**EXERCISE INSTRUCTIONS:**
In the material below, find the line containing "This app shows" and the line containing "92.冠山峠道路 開通記念碑 | |", then reproduce exactly both of them and every line between, and nothing else.

++++ EXCERPTED DATA ++++

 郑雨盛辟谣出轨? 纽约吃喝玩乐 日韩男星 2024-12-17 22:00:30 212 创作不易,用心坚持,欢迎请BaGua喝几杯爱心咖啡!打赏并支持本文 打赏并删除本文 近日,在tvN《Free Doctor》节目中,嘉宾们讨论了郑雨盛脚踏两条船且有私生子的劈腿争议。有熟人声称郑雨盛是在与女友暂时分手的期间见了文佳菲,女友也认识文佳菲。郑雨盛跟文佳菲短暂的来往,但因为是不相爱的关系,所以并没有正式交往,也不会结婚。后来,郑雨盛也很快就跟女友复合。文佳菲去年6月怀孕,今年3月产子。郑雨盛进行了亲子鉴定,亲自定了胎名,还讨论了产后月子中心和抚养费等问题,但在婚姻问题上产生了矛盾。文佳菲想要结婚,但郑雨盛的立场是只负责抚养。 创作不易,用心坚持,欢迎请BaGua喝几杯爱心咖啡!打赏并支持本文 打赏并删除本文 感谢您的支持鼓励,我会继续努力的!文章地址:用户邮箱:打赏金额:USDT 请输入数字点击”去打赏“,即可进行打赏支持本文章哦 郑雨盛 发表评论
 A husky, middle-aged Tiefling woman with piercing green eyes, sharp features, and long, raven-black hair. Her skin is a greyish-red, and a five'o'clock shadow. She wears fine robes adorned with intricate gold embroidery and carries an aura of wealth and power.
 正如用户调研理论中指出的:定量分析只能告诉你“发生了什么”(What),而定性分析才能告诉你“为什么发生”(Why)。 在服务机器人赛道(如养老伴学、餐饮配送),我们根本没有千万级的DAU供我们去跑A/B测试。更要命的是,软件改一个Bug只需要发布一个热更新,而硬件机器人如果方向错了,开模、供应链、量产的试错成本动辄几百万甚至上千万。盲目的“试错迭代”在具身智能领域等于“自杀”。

++++
++++ EXCERPTED DATA ++++

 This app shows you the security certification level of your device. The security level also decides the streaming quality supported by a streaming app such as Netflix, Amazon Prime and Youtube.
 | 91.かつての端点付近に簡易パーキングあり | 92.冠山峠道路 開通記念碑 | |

++++

**ANSWER BOX:**
 This app shows you the security certification level of your device. The security level also decides the streaming quality supported by a streaming app such as Netflix, Amazon Prime and Youtube.
 | 91.かつての端点付近に簡易パーキングあり | 92.冠山峠道路 開通記念碑 | |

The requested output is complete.